Why isn't this Muslim leader capturing headlines?
I finally had time to read Brett Stephen's profile of Indonesian Muslim leader Abdurrahman Wahid, also known as Gus Dur, in Saturday's OpinionJournal. You should check it out yourself but to give you a taste, this Stephens' opening:
Suppose for a moment that the single most influential religious leader in the Muslim world openly says "I am for Israel." Suppose he believes not only in democracy but in the liberalism of America's founding fathers. Suppose that, unlike so many self-described moderate Muslims who say one thing in English and another in their native language, his message never alters.This 66-year-old nearly blind cleric and former president of Indonesia and the spiritual head of Nahdlatul Ulama (NU), a 40-million-member Islamic organization, told Stephens that the "only solution" to deal with Islamic radicalization in Indonesia is democracy.
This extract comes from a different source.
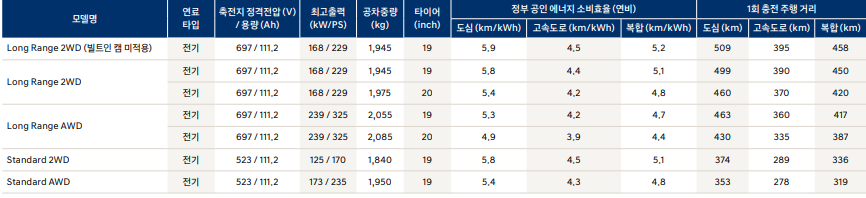 롱레인지 모델의 가격표입니다. 아무래도 스탠다드보다는 롱레인지쪽의 구매가 많습니다. 특별히 옵션구성이 없을만큼 전기차의 특성을 살려서 기본옵션이 풍부합니다. 지능형 4륜구동옵션인 htrac 과 컴포트, 스마트센스의 옵션이면 아주 훌륭하겠네요.

"The problem is not personalities, it is institutions," he says. "For the past 250 years the Americans have had not just Jefferson's concept of the rights of the individual but also Alexander Hamilton's belief in a strong state." In order to function properly, democracy requires competent government that can effectively uphold the rule of law. It also requires a broadly understood concept of self-rule, which is missing in too much of the developing world: "Here, ordinary citizens expect the government to do everything for them."So how to change this attitude? "We need to [nurture] the emergence of a new kind of people who think in terms of being modern but still relate to the past."
The good news is, he's optimistic: "Right now, the fundamentalists think they're winning," he once told a friend. "But they're going to wake up one day and realize we beat them."